Exercise directions: Pictures are to be excluded. Please print only the lines from the one containing "Увесь проєкт об'єднує" through the end of the data, exactly as they appear.

Data block:
Segment Open
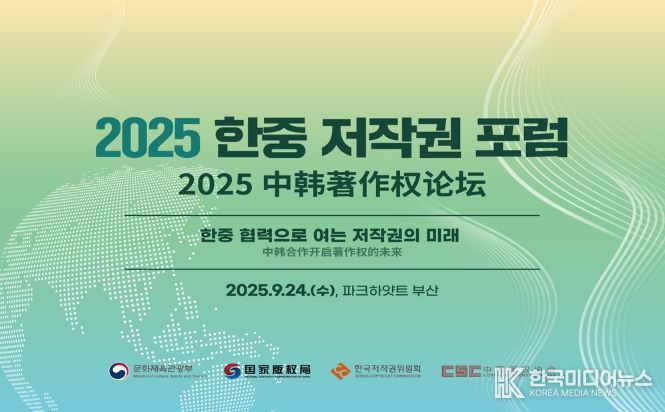 [ 한국미디어뉴스 이원영 기자 ] 문화체육관광부는 한국저작권위원회, 중국 국가판권국과 함께 9월 24일, 파크하얏트 부산에서 ‘2025 한중 저작권 정부간회의(오전)’와 ‘2025 한중 저작권 포럼(오후)’을 열어 저작권 보호를 위한 양국 협력 방안과 인공지능(AI), 블록체인 등 기술 발전에 따른 저작권 정책 변화 및 대응을 논의한다.
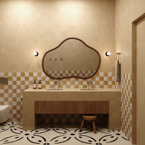 Увесь проєкт об'єднує оригінальна ідея шахової форми, що ненав'язливо проявляється у кожній кімнаті через різноманітні інтерпретації — від картини з акцентною рамкою з геометричної плитки до унікального стільця від українського митця Антона Саєнка, створеного в колаборації з Between the Walls. Увага до деталей помітна від дзеркальних фасадів прихожої до драматичного гостьового санвузла в глибокому червоному відтінку з поєднанням мікроцементу та фактурних шпалер.
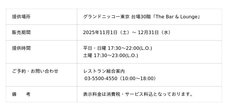 「東京を楽しむ 東京をくつろぐ」ひとときをお届けするグランドニッコー東京 台場(住所:東京都港区 総支配人:塚田 忠保)は、ホテル最上階から東京の夜景を一望できる「The Bar & Lounge」にて、酸味と甘みのハーモニーが絶妙な『大人のショコラオレンジパフェ』、冬の訪れを彩る『Winter Cocktail Selection』を、2025年11月1日(土)~ 12月31日(水)の期間限定で提供いたします。
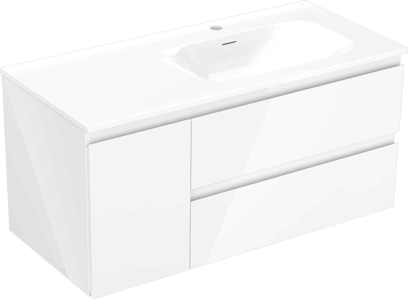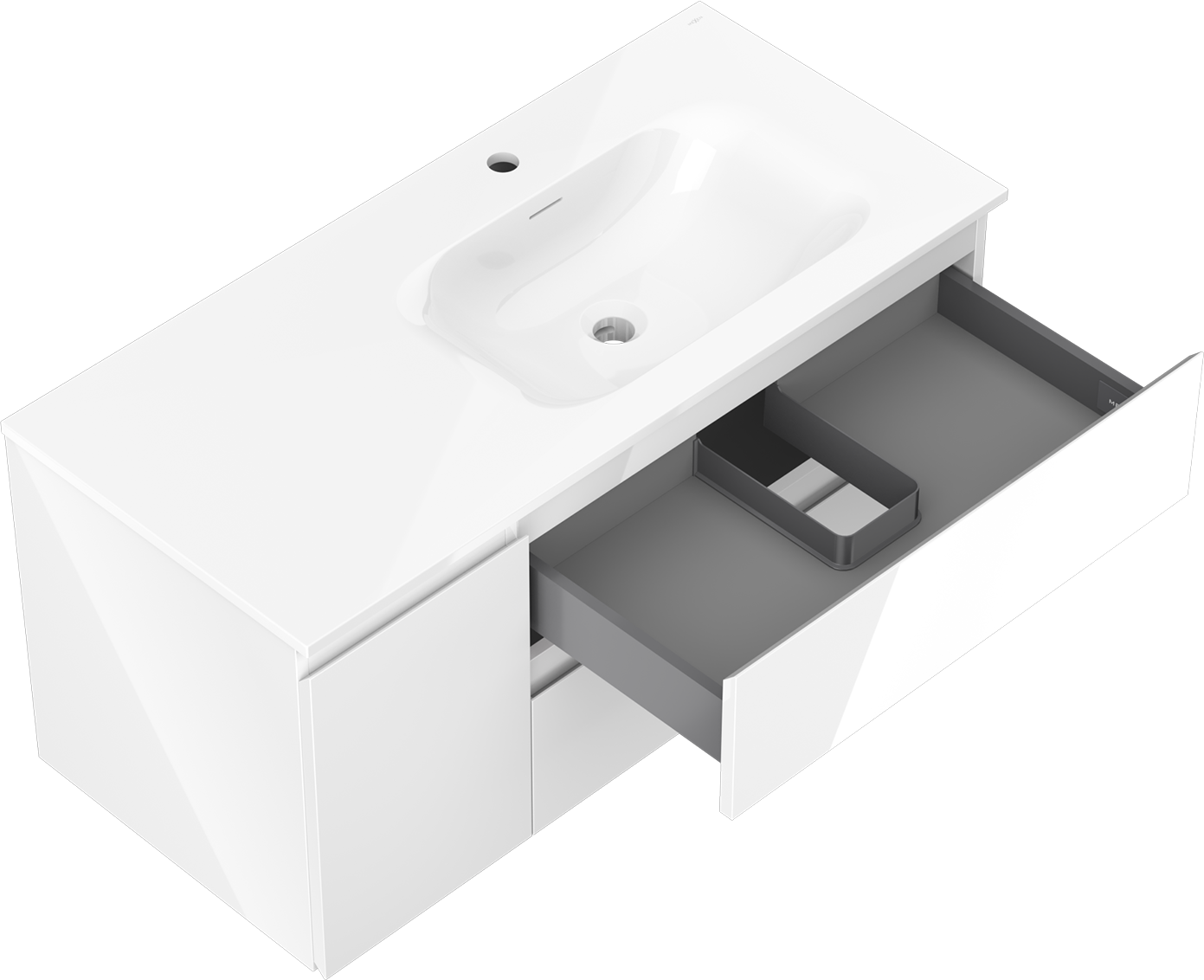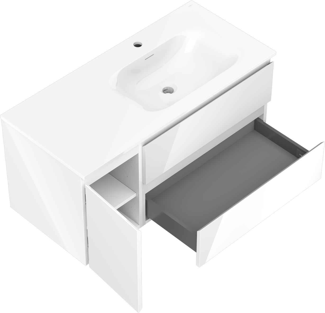 Mexen Orio koupelnová skříňka 100 cm s umyvadlem Vela pravá, 2S, 1D, bílý lesk - 91A13-10047-3-BBFFF00-W23P00
Segment Closed
Solution for this task:
 Увесь проєкт об'єднує оригінальна ідея шахової форми, що ненав'язливо проявляється у кожній кімнаті через різноманітні інтерпретації — від картини з акцентною рамкою з геометричної плитки до унікального стільця від українського митця Антона Саєнка, створеного в колаборації з Between the Walls. Увага до деталей помітна від дзеркальних фасадів прихожої до драматичного гостьового санвузла в глибокому червоному відтінку з поєднанням мікроцементу та фактурних шпалер.
 「東京を楽しむ 東京をくつろぐ」ひとときをお届けするグランドニッコー東京 台場(住所:東京都港区 総支配人:塚田 忠保)は、ホテル最上階から東京の夜景を一望できる「The Bar & Lounge」にて、酸味と甘みのハーモニーが絶妙な『大人のショコラオレンジパフェ』、冬の訪れを彩る『Winter Cocktail Selection』を、2025年11月1日(土)~ 12月31日(水)の期間限定で提供いたします。
 Mexen Orio koupelnová skříňka 100 cm s umyvadlem Vela pravá, 2S, 1D, bílý lesk - 91A13-10047-3-BBFFF00-W23P00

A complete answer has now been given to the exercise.